**Exercise:** Return each line of the listing that follows in which the string "como" can be found.

**Records for processing:**
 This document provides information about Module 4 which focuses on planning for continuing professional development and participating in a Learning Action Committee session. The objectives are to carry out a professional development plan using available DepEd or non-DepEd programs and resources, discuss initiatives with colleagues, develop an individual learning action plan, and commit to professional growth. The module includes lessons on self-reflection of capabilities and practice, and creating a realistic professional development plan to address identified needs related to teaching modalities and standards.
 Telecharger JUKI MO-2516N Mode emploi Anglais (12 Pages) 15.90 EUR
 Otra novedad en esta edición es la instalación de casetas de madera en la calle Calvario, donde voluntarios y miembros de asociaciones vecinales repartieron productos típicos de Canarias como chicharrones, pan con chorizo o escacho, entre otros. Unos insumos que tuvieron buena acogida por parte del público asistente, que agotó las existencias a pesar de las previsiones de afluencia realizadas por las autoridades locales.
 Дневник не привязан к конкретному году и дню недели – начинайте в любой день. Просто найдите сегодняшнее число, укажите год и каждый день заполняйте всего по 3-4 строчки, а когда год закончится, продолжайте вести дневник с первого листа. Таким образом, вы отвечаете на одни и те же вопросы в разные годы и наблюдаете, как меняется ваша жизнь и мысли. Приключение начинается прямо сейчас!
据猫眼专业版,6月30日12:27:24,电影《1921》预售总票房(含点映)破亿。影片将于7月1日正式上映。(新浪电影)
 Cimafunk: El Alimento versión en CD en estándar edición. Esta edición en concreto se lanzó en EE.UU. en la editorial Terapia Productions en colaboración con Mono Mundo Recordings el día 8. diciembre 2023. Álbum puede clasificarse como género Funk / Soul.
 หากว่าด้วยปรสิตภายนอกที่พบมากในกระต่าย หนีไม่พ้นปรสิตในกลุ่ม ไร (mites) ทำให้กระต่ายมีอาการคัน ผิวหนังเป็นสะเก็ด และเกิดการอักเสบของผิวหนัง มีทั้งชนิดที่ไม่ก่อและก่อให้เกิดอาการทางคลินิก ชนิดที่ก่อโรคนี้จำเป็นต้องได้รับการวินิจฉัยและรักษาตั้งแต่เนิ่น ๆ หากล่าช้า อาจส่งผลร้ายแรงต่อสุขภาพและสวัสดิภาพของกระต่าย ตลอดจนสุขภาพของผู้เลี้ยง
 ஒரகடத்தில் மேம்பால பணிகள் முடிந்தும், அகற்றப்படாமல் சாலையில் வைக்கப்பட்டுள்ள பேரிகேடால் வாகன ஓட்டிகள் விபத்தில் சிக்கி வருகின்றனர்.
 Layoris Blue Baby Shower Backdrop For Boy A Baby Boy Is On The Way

**Exercise result:**
 Otra novedad en esta edición es la instalación de casetas de madera en la calle Calvario, donde voluntarios y miembros de asociaciones vecinales repartieron productos típicos de Canarias como chicharrones, pan con chorizo o escacho, entre otros. Unos insumos que tuvieron buena acogida por parte del público asistente, que agotó las existencias a pesar de las previsiones de afluencia realizadas por las autoridades locales.
 Cimafunk: El Alimento versión en CD en estándar edición. Esta edición en concreto se lanzó en EE.UU. en la editorial Terapia Productions en colaboración con Mono Mundo Recordings el día 8. diciembre 2023. Álbum puede clasificarse como género Funk / Soul.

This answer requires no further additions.